A standard complaint about Die Antwoord is that the music is one-dimensional, based on oddball quotables and shock value. But, to quote George Carlin (R.I.P.), “Shock is just another uptown word for surprise”, and Die Antwoord is delightfully surprising. They’re reliably unreliable, and therein lies their genius. Historically, the surprise has been at their hyper-sexual lyrics, violent imagery, mind-bending visuals, and fuck-it-all attitude, and Donker Mag does continue this trend of surprise, but not in the way you’d probably guess from reading its NSFW tracklist.
Die Antwoord have described their work as “exaggerated experience”, and that’s apt. Anger, lust, passion, violence – all things through the lens of Die Antwoord become amplified to the point of deafening.

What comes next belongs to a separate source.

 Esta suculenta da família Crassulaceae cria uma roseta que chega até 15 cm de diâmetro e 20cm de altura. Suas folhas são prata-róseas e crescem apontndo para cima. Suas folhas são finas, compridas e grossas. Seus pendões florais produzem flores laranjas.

They’ve been this way since the beginning, and the upstarts best known for songs like “I Fink U Freeky” certainly haven’t gone away. “Fuck your rules!” they chant on the chorus of “Happy Go Sucky Fucky”, bringing to mind the vibe of Tyler, the Creator’s “Radicals”. “Raging Zef Boner” begins with a Pinky and the Brain reference, the playfully bouncing beat and off-color content reminiscent of early Eminem singles, while “Pitbull Terrier” is an eardrum assault of rave festival bliss, its video equally engaging if you don’t mind uncomfortable dog-man makeup and a whole lot of stage blood. These are all OK songs that fit into the Die Antwoord canon: goofy premises, lots of swears, and big, big, BIG beats compliments of DJ Hi-Tek, Aphex Twin, and DJ Muggs of Cypress Hill.

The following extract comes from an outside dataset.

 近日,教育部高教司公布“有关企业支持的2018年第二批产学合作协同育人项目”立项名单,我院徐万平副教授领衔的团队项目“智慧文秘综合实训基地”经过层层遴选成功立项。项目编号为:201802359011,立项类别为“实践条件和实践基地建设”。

But there is also some sleight of hand happening here. What most people don’t realize is that Die Antwoord has conditioned us. From the opening skit of Donker Mag, where Ninja leaves a threatening voice mail, through the end of “Pitbull Terrier”, you already knew what you would hear, and this makes the curve ball second half of the album so unexpected and awesome. It gets … tender.

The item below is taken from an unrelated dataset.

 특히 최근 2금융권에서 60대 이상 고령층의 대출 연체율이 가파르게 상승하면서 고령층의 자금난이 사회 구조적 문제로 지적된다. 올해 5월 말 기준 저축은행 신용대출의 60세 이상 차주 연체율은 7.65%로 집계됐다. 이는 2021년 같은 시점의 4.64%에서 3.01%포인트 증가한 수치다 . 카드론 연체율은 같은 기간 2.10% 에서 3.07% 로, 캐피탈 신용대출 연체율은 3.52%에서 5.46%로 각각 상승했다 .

Take “Moon Love”, which opens with a little girl saying, “Mommy, my heart is broken”, and Ninja cooing to her reassuringly over a gentle twinkle of starlight. Ninja promises to fix her broken heart as the track slowly builds, and we are so conditioned by Die Antwoord’s usual pabulum that on first listen you’re waiting awkwardly for the turn where Ninja goes on a revenge killing spree or Yo-Landi pops up as the girl’s future self, all drug-addled with daddy issues. Instead, it’s just a chorus of drums and echoed voices that bleeds into ethereal closer “Donker Mag”, which sounds like Cloud Cult lyrics sung by Blake Sennett (Rilo Kiley, The Elected) over a Bon Iver instrumental. Yes, I just made all three of those comparisons to a Die Antwoord song. That’s how odd this is, and how refreshing.
The best track on the whole album might be “Strunk”, which almost scans as indie rock with Yo-Landi singing, “Love fucks you up like an evil angel”, over a crooked guitar line. Okay, it’s not exactly Grizzly Bear, but for a group that has oft gotten by on ascending levels of gore and numerous euphemisms for semen, it’s revelatory. These sedate lullabies are the part of Donker Mag that’s, paradoxically, most shocking. They seem actually sincere. Is it another act? Or just another dimension that we haven’t seen – proof that Die Antwoord’s multimedia odyssey isn’t out of surprises just yet?
However, for as refreshing and legitimately good as the second half of Donker Mag is, it’s still not a great album overall. It’s peppered with weak lines, horrid skits, and moments of misogyny so objectionable that you can’t hit skip fast enough. “Pompie” is a solid minute of Yo-Landi laughing that you’ll never get back. “Don’t Fuk Me” and “Do Not Fuck Wif Da Kid” similarly add nothing to the record, though the latter is an interesting one-time listen, Yo-Landi taunting someone in a spine-chilling voice, proof that if she could keep her foul mouth under control, she could voice a truly demented Disney villainess. But all of this — tender ballads, awful skits, and clunker lines alike — seems carefully triangulated, perhaps part of an overall strategy to keep listeners on their toes and maintain the constant low-level cognitive dissonance which accompanies Die Antwoord’s art, a strategy which has taken them from the major label scrap heap to international success as a purely independent act.
A couple of years ago, the group appeared on an episode of web series Taxi Jam, where they performed “Wat Kyk Jy” in a moving van. Ninja and Yo-Landi goofed and laughed and bumbled around like the perennial outsider fuck-ups they play, but they were perfectly in sync when it came time to rap. All business. It seemed emblematic of their career: it’s meant to look perfectly sloppy, but there is a logic and order to the chaos which might be its most intriguing element. It’s as though Die Antwoord has a better sense of what’s going on than anyone else, and they’re keeping themselves positioned exactly where they want to be: completely free and full of creative energy.